Eckie
Mother
My mother, Eckie, was born in 1909, fourth child of Morris and Mamie McCants. She was a lucky child, born with light skin and straight hair, two distinct advantages in Mobile, Ala.
Eckie graduated from high school in 1927, and somewhere I’ve got her diploma to prove it. It’s huge, like Janice’s mother’s diploma from the Chillicothe Business College. A diploma in those days was a big deal socially and physically, swirly and impressive.
I was a mama’s boy. I denied it strenuously, especially to myself. There was nothing to be gained by admitting to being doted upon. It was decidedly unmanly, and a lot of what looked like being showered with attention was harassment and criticism, and I was emotionally retarded. It seems like I should be wise by now, but actually I’m barely grown up.
I knew that people thought things about my mother that they didn’t express. “Oh, Eckie,” an old friend would say resignedly to one of her judgments. When I went back to the old neighborhood to tell some of the old timers that she had died, Rose Jones almost told me the truth, then thought better of it and let that sleeping dog lie. There’s nobody else now who would know what she was like to another adult.
My made-up story that fits the facts as I see them is that Eckie Ursula Porter, born Eckie May McCants and still called Eckie May by a few people in spite of Eckie Ursula’s disapproval, was pretty hot stuff way back in the day. I’ve seen a picture of her with her brother and a couple of other young guys, and another where she’s perched on the front fender of a swoopy 1930-ish coupé that suggests she was enjoying her beauty, and she had plenty to enjoy.

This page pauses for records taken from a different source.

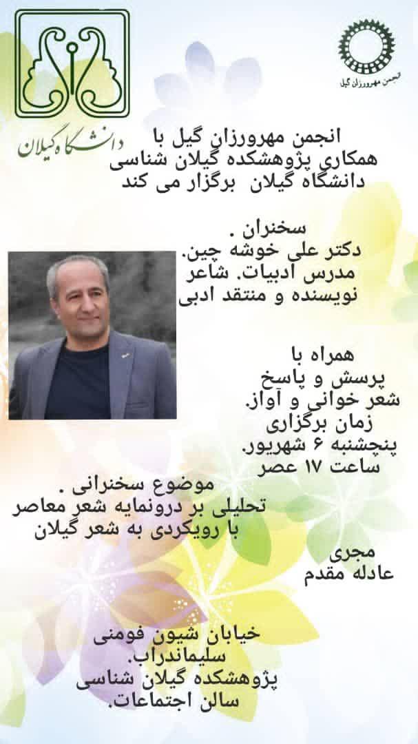 موضوع سخنرانی: تحلیلی بر درونمایه شعر معاصر با رویکردی به شعر گیلان
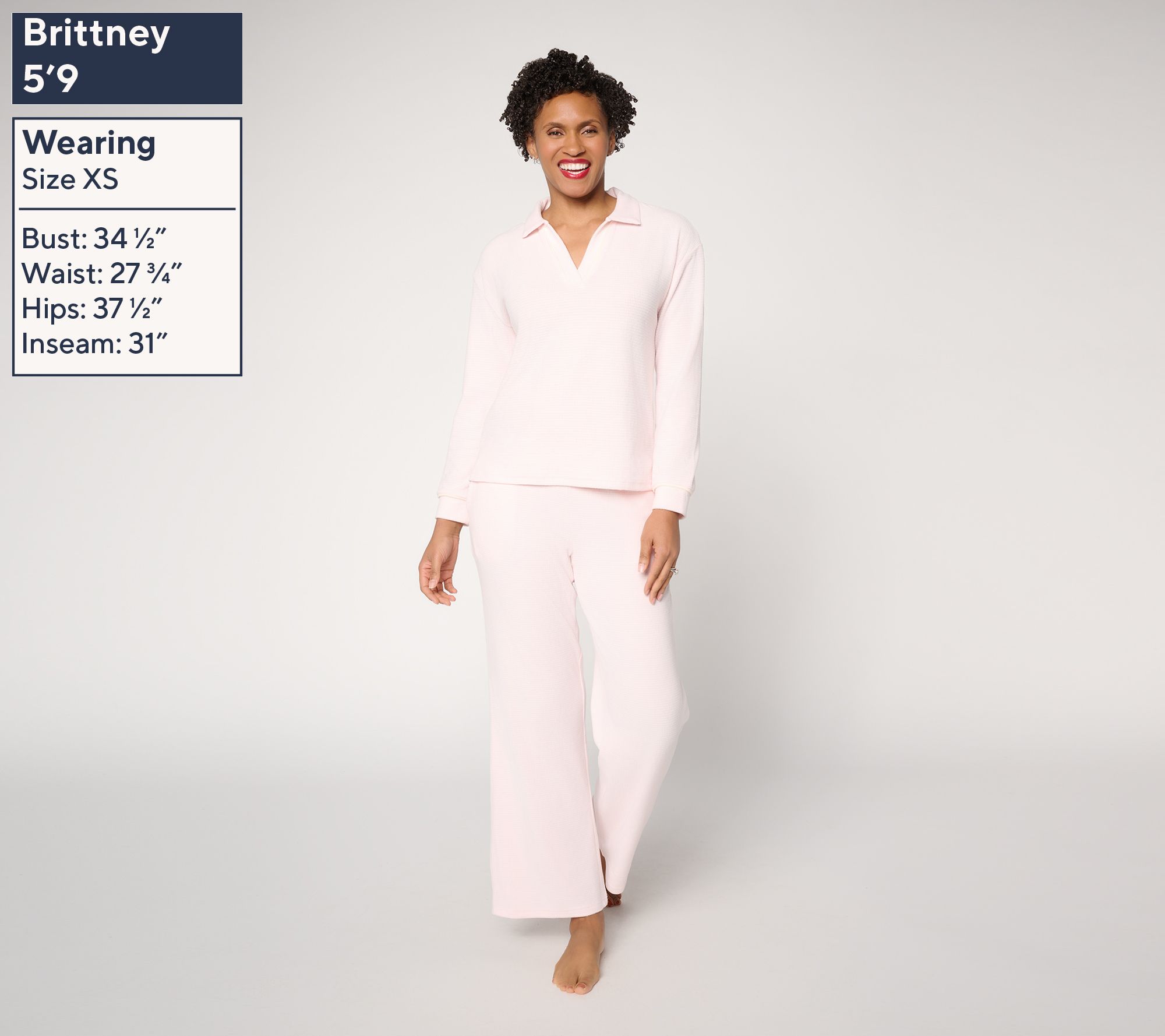 Whether you're winding down after a busy day or easing into the weekend, this boucle lounge set brings snuggly comfort and trend-right style together in one cozy combination. With a V-neck top, flared-leg pants, and a graceful silhouette, it's designed for laid-back moments at home, from movie nights to morning routines. From MUK LUKS.
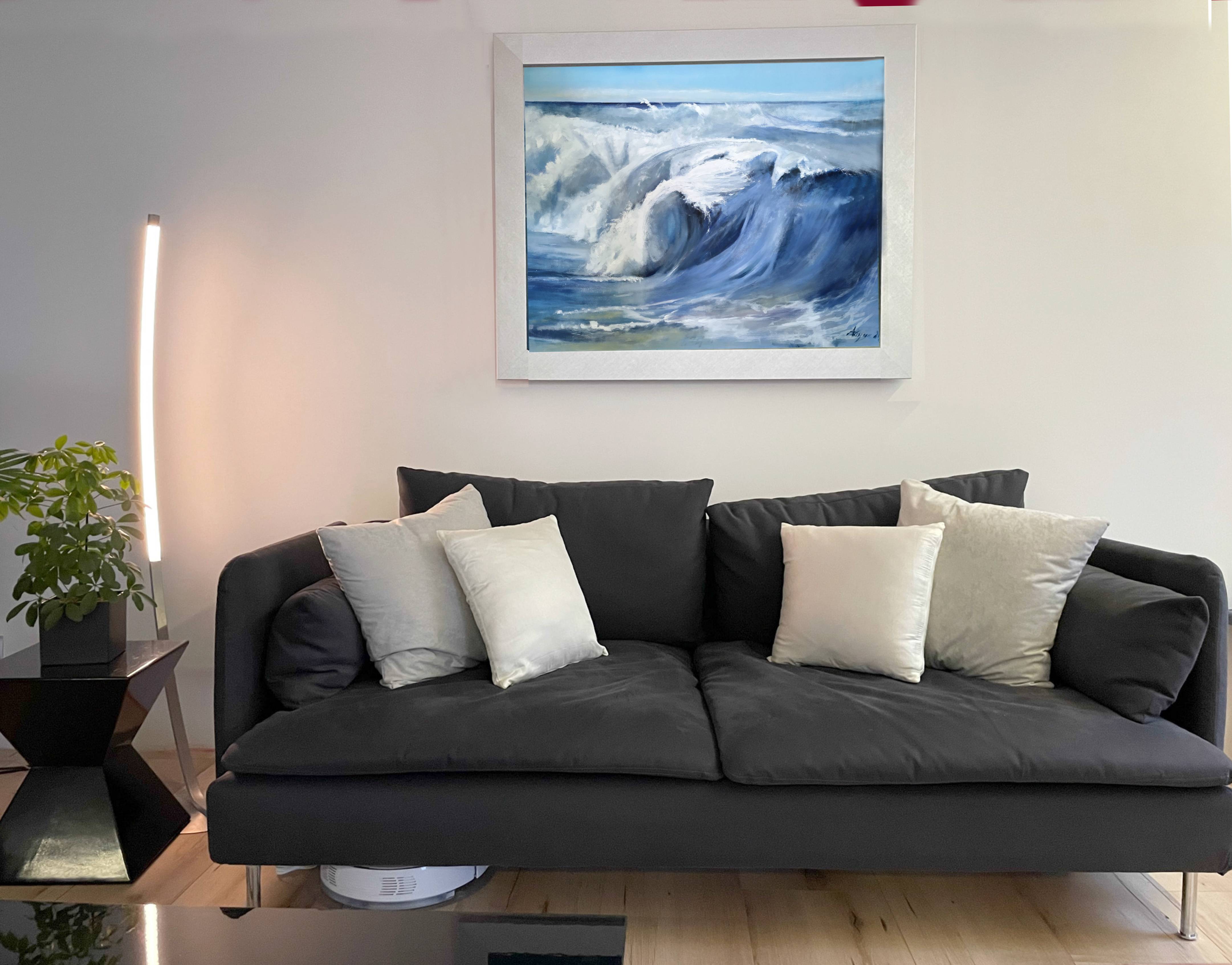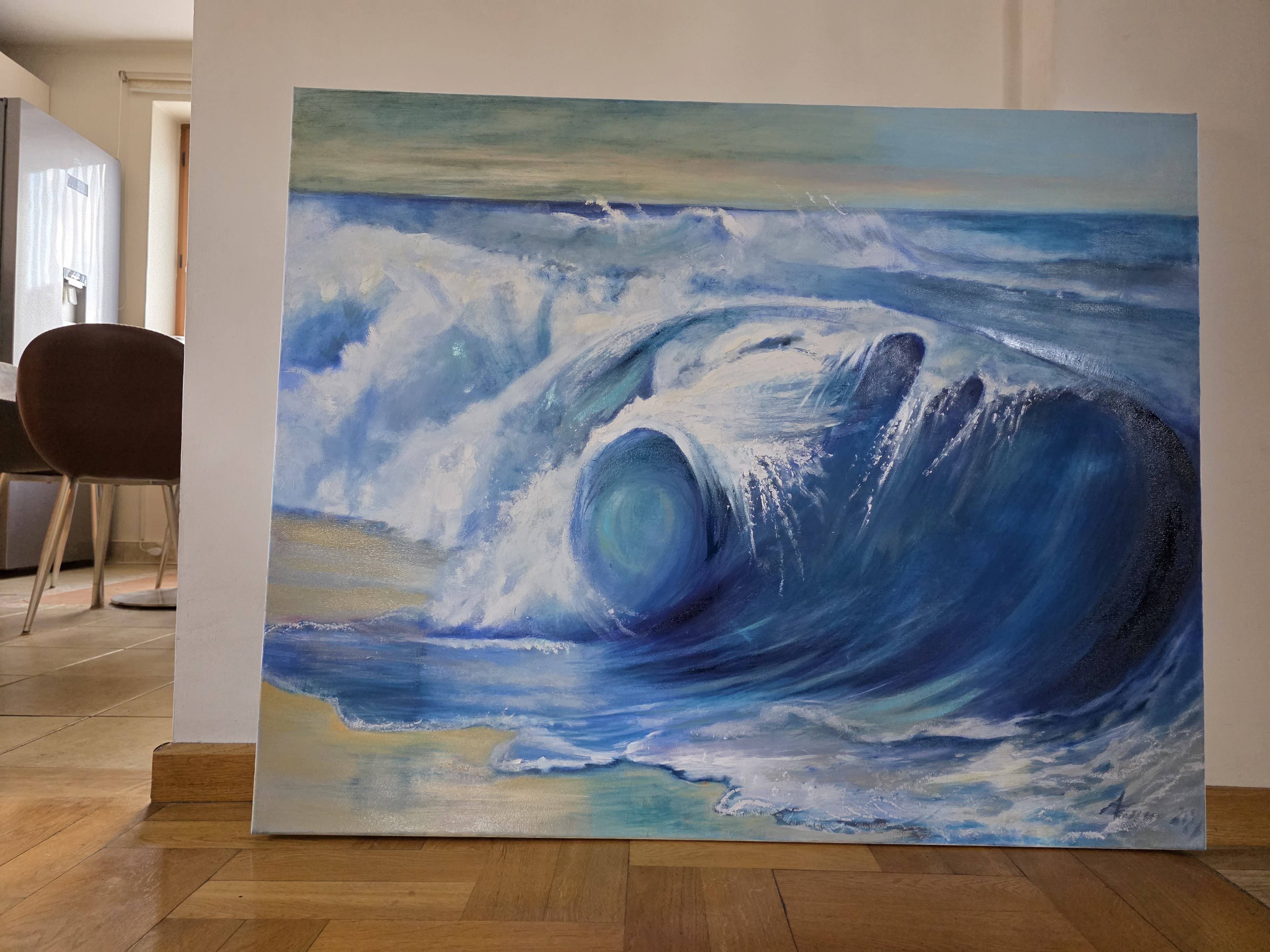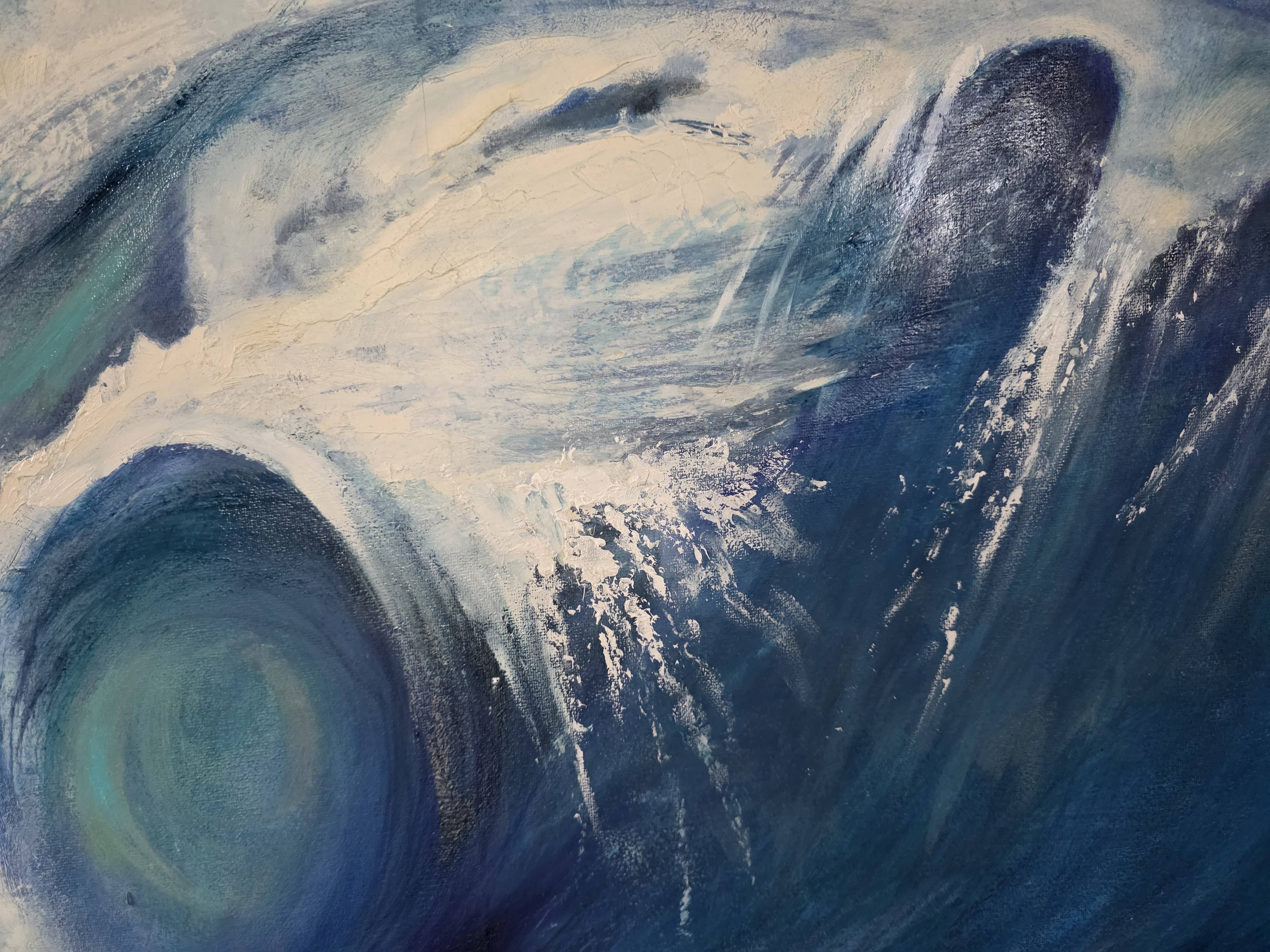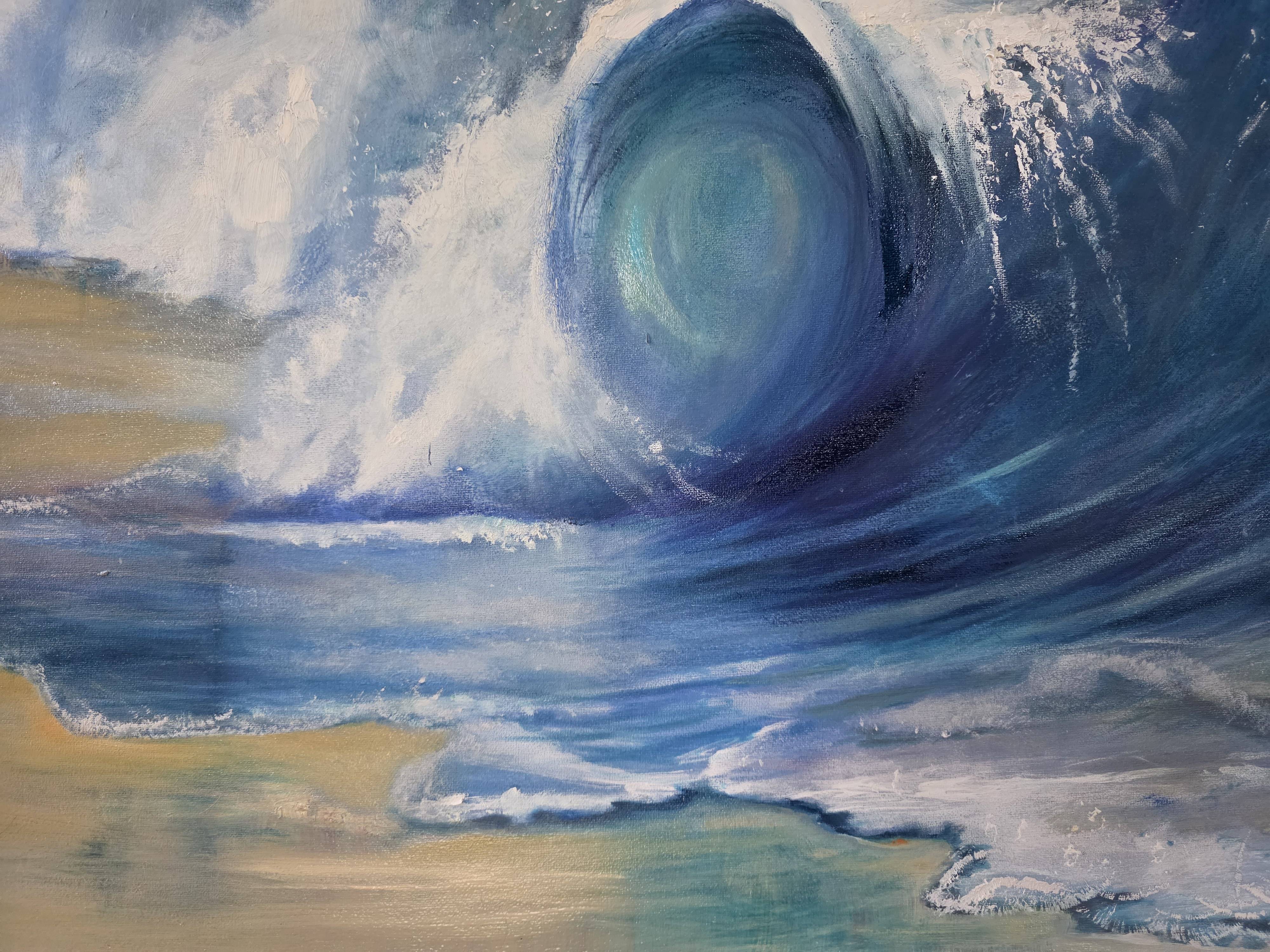 Obraz "W sercu fali" to dynamiczna kompozycja, która zatrzymuje w kadrze chwilę, gdy olbrzymia fala osiąga swój punkt kulminacyjny, zakręcając się w potężnym wirze wody. Grubo nakładana farba, tworząca wyraźną fakturę, nadaje dziełu trójwymiarowości, sprawiając, że oglądający niemal czuje bryzę i chłód morskiej wody. Kolory błękitu, od głębokich granatów po jasne turkusy, harmonijnie przeplatają się z delikatnymi beżami, które sugerują światło słońca przenikające przez wodną ścianę.

The straight-laced-mother role she came to adopt was only a role. The strain must have been mighty.
I loved my mother and hardly ever wanted to be around her. Just after I met Janice, I took her to Chicago to meet my family and friends. We dropped our things at the friend’s house where we were staying and drove over to my mother’s. As we walked up the front steps, my aunt, who lived upstairs, opened her door, and we said hello as I rang my mother’s bell.
My mother came to her door livid because Janice and I had seen my aunt first and not her. We went inside her apartment, and within minutes Janice was in tears over the way my mother and I didn’t get along. Two years later, my mother came to live with us.